#### Problem to solve:
Only the lines below from the one containing "A wounded passenger" through the last line should be set down, exactly as written and with no pictures.

#### Given information:
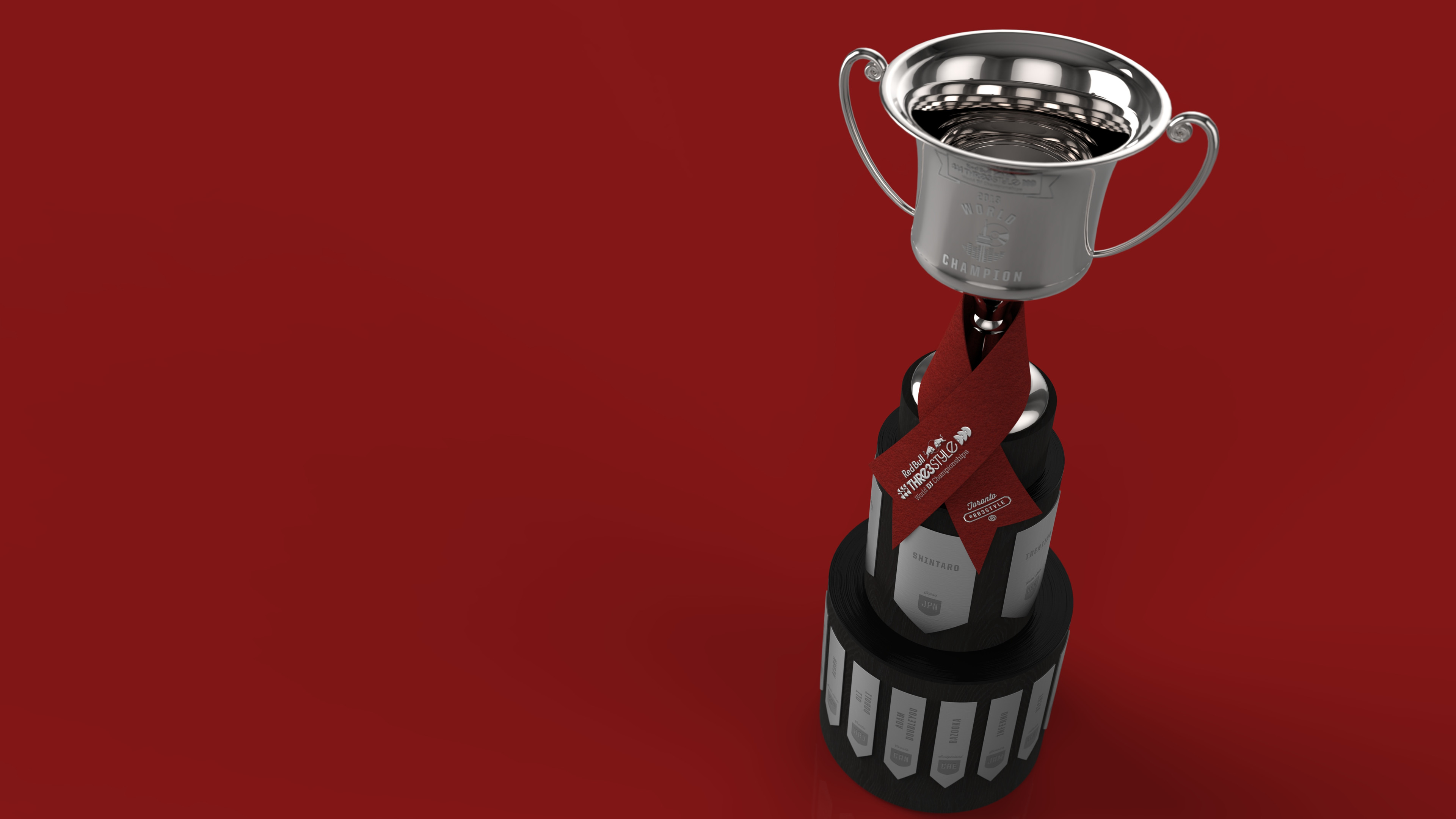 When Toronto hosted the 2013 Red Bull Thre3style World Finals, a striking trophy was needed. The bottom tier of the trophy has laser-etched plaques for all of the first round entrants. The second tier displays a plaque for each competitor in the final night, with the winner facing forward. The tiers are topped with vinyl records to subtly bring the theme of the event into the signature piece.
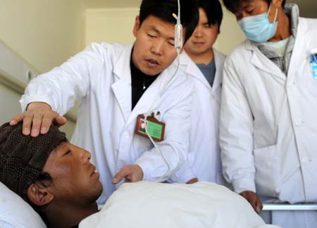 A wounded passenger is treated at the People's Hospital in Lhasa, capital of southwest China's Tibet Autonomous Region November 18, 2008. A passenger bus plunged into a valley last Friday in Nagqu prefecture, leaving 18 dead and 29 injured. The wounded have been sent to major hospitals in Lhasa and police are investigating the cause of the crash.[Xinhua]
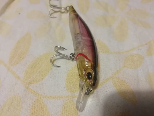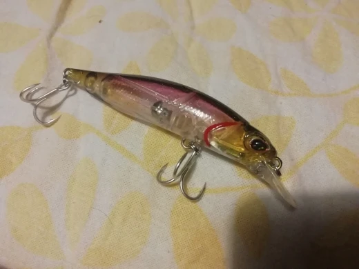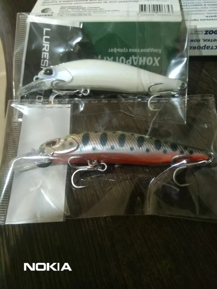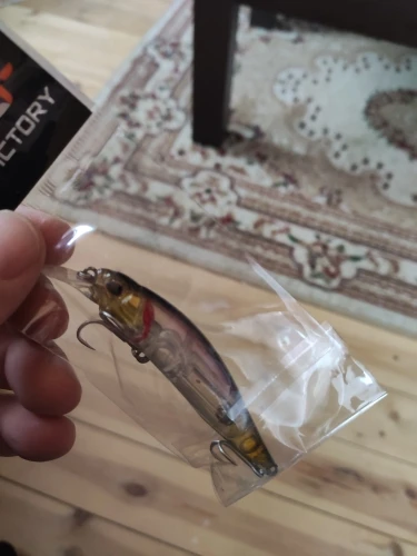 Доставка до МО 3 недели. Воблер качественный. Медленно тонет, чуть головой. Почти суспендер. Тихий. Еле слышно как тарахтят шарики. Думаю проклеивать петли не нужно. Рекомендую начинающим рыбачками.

#### Solution to this exercise:
 A wounded passenger is treated at the People's Hospital in Lhasa, capital of southwest China's Tibet Autonomous Region November 18, 2008. A passenger bus plunged into a valley last Friday in Nagqu prefecture, leaving 18 dead and 29 injured. The wounded have been sent to major hospitals in Lhasa and police are investigating the cause of the crash.[Xinhua]
 Доставка до МО 3 недели. Воблер качественный. Медленно тонет, чуть головой. Почти суспендер. Тихий. Еле слышно как тарахтят шарики. Думаю проклеивать петли не нужно. Рекомендую начинающим рыбачками.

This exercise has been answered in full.